* Input records *
- - - - -

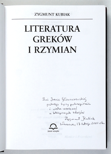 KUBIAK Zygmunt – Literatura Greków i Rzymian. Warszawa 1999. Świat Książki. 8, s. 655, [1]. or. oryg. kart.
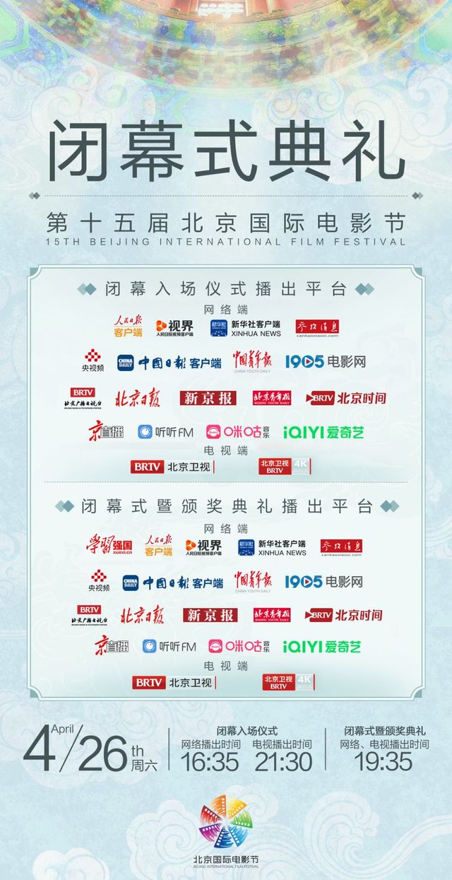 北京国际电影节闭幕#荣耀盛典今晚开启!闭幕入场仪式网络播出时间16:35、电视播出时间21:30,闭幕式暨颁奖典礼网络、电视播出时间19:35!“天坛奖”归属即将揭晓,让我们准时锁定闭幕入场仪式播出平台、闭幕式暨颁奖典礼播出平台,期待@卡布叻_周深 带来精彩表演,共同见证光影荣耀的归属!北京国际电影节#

- - - - -

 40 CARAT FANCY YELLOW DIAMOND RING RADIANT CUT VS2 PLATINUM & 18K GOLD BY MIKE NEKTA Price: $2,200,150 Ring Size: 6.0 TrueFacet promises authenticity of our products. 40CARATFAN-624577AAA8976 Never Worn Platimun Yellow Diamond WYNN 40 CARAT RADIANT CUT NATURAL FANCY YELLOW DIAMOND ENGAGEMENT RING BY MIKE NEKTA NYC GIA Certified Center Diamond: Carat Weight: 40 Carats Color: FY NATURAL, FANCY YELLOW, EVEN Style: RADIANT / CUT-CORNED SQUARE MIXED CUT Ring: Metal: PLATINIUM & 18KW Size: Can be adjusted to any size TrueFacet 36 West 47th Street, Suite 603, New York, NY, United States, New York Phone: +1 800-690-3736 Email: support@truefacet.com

- - - - -

* Work to complete *
In the listing above, find the line containing "KUBIAK Zygmunt –". Output it and every line after it up to and including the line containing "北京国际电影节闭幕#荣耀盛典", exactly, but skip the pictures.

* Exercise result *
 KUBIAK Zygmunt – Literatura Greków i Rzymian. Warszawa 1999. Świat Książki. 8, s. 655, [1]. or. oryg. kart.
 北京国际电影节闭幕#荣耀盛典今晚开启!闭幕入场仪式网络播出时间16:35、电视播出时间21:30,闭幕式暨颁奖典礼网络、电视播出时间19:35!“天坛奖”归属即将揭晓,让我们准时锁定闭幕入场仪式播出平台、闭幕式暨颁奖典礼播出平台,期待@卡布叻_周深 带来精彩表演,共同见证光影荣耀的归属!北京国际电影节#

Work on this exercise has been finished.